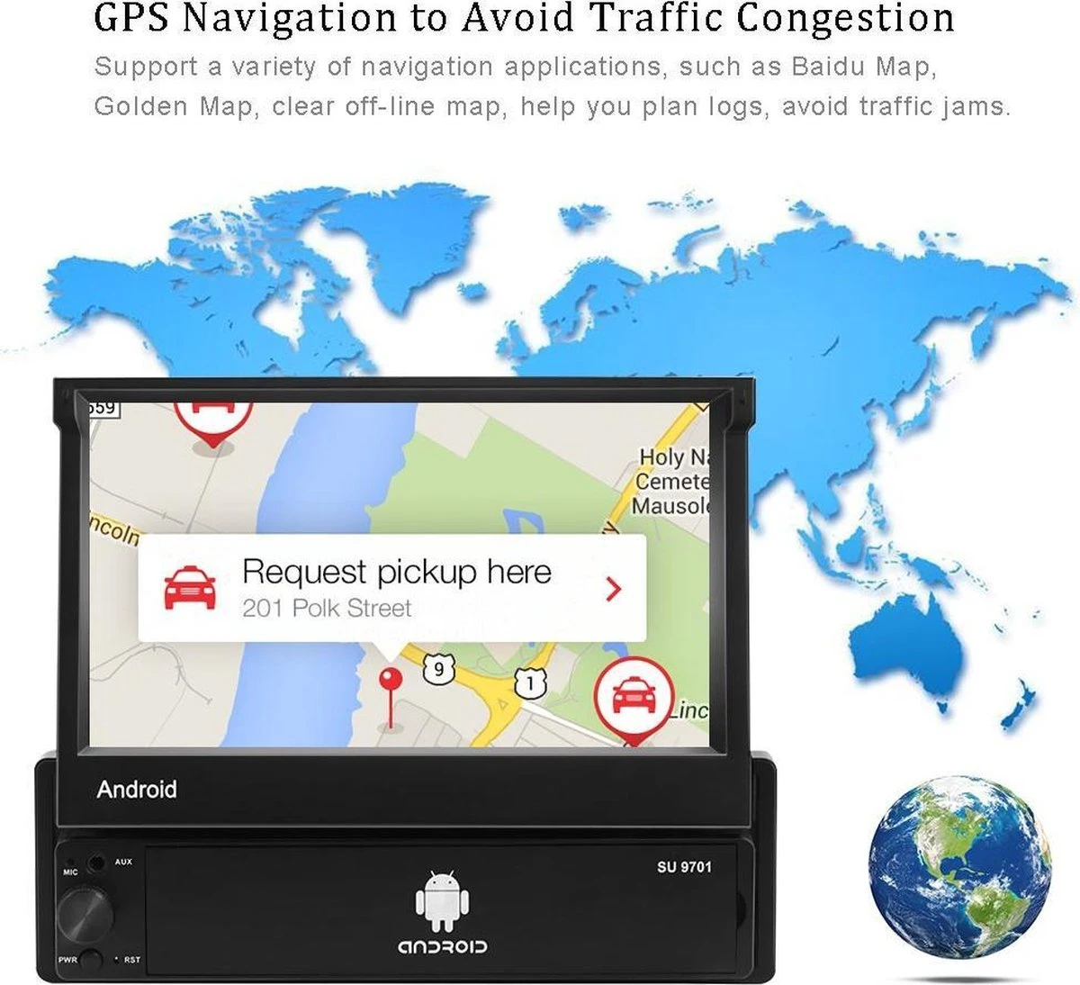 De autoradio is heel gemakkelijk te bedienen met de bijgeleverde afstandsbediening en stuurwiel bediening. Daarnaast kunt u de autoradio ook bedienen met de knoppen op het paneel zelf. U geniet makkelijk én snel van uw favoriete muziek.
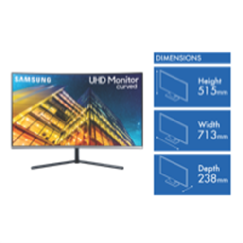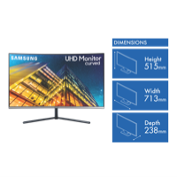 Experience cinematic visuals in stunning 4K Ultra HD with the Samsung 31.5 Curved UHD Monitor. This sleek dark blue grey monitor delivers a crisp 3840 x 2160 resolution on an immersive curved screen that puts you at the center of the action. AMD FreeSync technology enables smooth tear-free gameplay by synchronizing the refresh rate with your GPU. With rapid 4ms response time scenes transition instantly for a seamless viewing experience whether you're gaming editing photos or watching movies. Tilt swivel and adjust the height to your ideal viewing position. Connect your PC or gaming console easily through the HDMI and DisplayPort inputs. Enjoy rich sound by plugging headphones into the convenient audio jack. The durable three-year warranty provides peace of mind. With vivid colors sharp contrast and expanded 178° viewing angles this UHD monitor brings entertainment to life. The manufacturer's part number for this product is LU32R590CWEXXY. See for yourself how the Samsung Curved UHD Monitor can enhance your home entertainment.
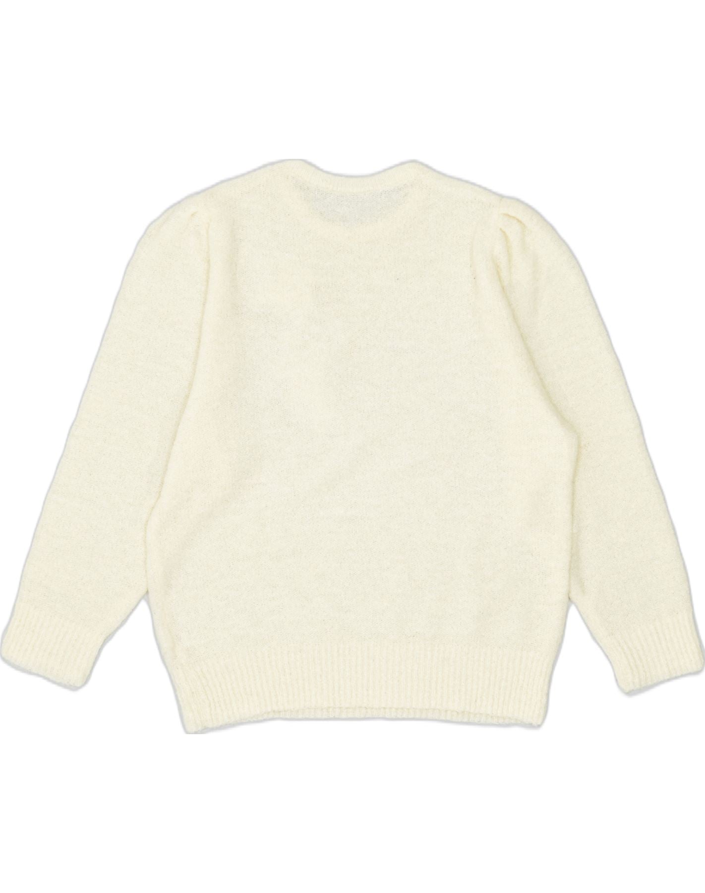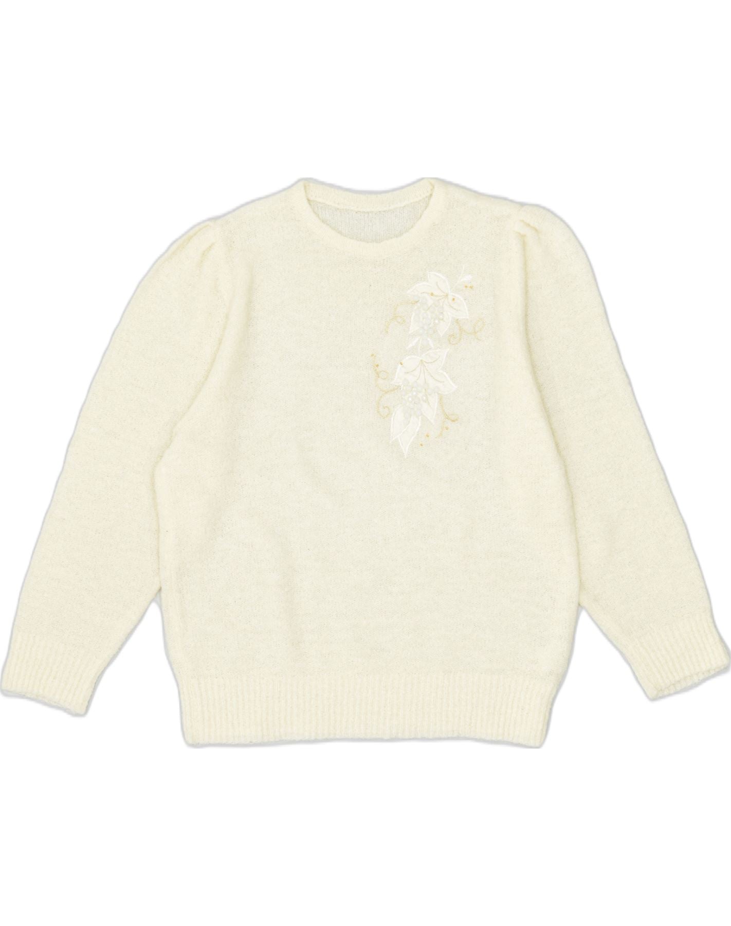 VINTAGE Womens Crew Neck Jumper Sweater UK 20 2XL Off White Flower
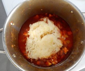 Po této době přidáme kysané zelí (zelí předtím trochu propláchněte vodou, aby nebylo tak kyselé). Guláš necháme vařit dalších 20 minut.
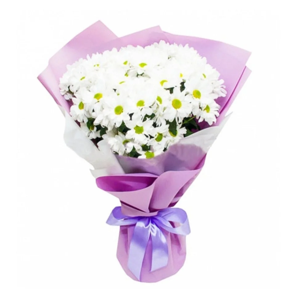 Состав букета: белые ромашковые хризантемы, упаковка, лента
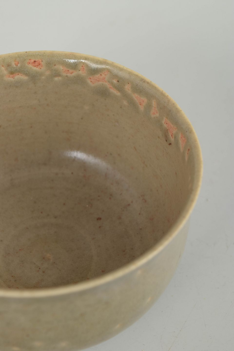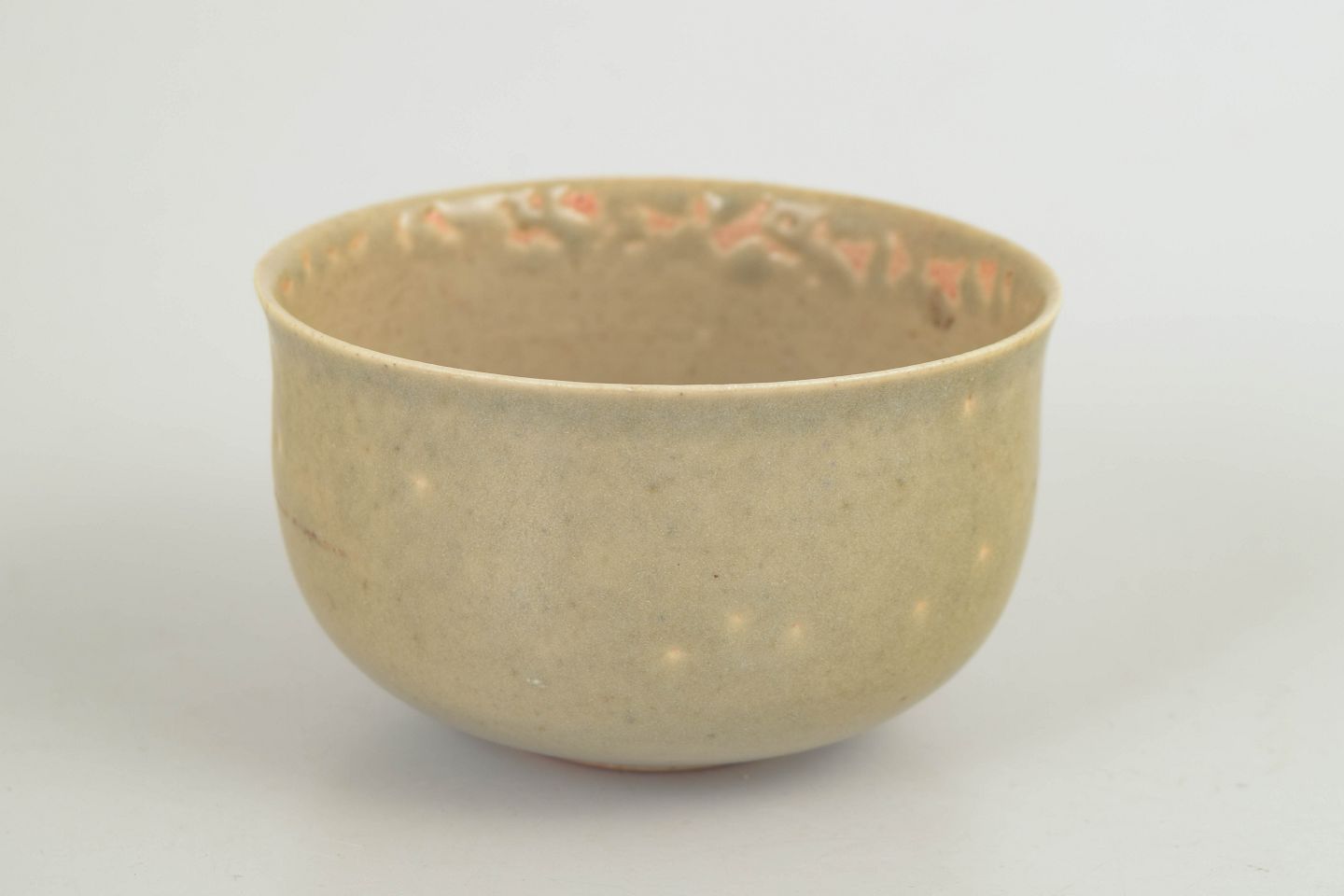 John Andersson for Höganäs, skål.Drejet skål i stentøj med afrundet form og let indadbøjet rand. Udført med lys, sandfarvet glasur med diskrete variationer og fine glasurspil langs kanten. Signeret i bunden, produceret hos Höganäs i 1970’erne.
#####
■ **WHAT IS EXPECTED**:
What is needed is an exact output of the records above, with every picture left out.

■ **WRITTEN ANSWER**:
 De autoradio is heel gemakkelijk te bedienen met de bijgeleverde afstandsbediening en stuurwiel bediening. Daarnaast kunt u de autoradio ook bedienen met de knoppen op het paneel zelf. U geniet makkelijk én snel van uw favoriete muziek.
 Experience cinematic visuals in stunning 4K Ultra HD with the Samsung 31.5 Curved UHD Monitor. This sleek dark blue grey monitor delivers a crisp 3840 x 2160 resolution on an immersive curved screen that puts you at the center of the action. AMD FreeSync technology enables smooth tear-free gameplay by synchronizing the refresh rate with your GPU. With rapid 4ms response time scenes transition instantly for a seamless viewing experience whether you're gaming editing photos or watching movies. Tilt swivel and adjust the height to your ideal viewing position. Connect your PC or gaming console easily through the HDMI and DisplayPort inputs. Enjoy rich sound by plugging headphones into the convenient audio jack. The durable three-year warranty provides peace of mind. With vivid colors sharp contrast and expanded 178° viewing angles this UHD monitor brings entertainment to life. The manufacturer's part number for this product is LU32R590CWEXXY. See for yourself how the Samsung Curved UHD Monitor can enhance your home entertainment.
 VINTAGE Womens Crew Neck Jumper Sweater UK 20 2XL Off White Flower
 Po této době přidáme kysané zelí (zelí předtím trochu propláchněte vodou, aby nebylo tak kyselé). Guláš necháme vařit dalších 20 minut.
 Состав букета: белые ромашковые хризантемы, упаковка, лента
 John Andersson for Höganäs, skål.Drejet skål i stentøj med afrundet form og let indadbøjet rand. Udført med lys, sandfarvet glasur med diskrete variationer og fine glasurspil langs kanten. Signeret i bunden, produceret hos Höganäs i 1970’erne.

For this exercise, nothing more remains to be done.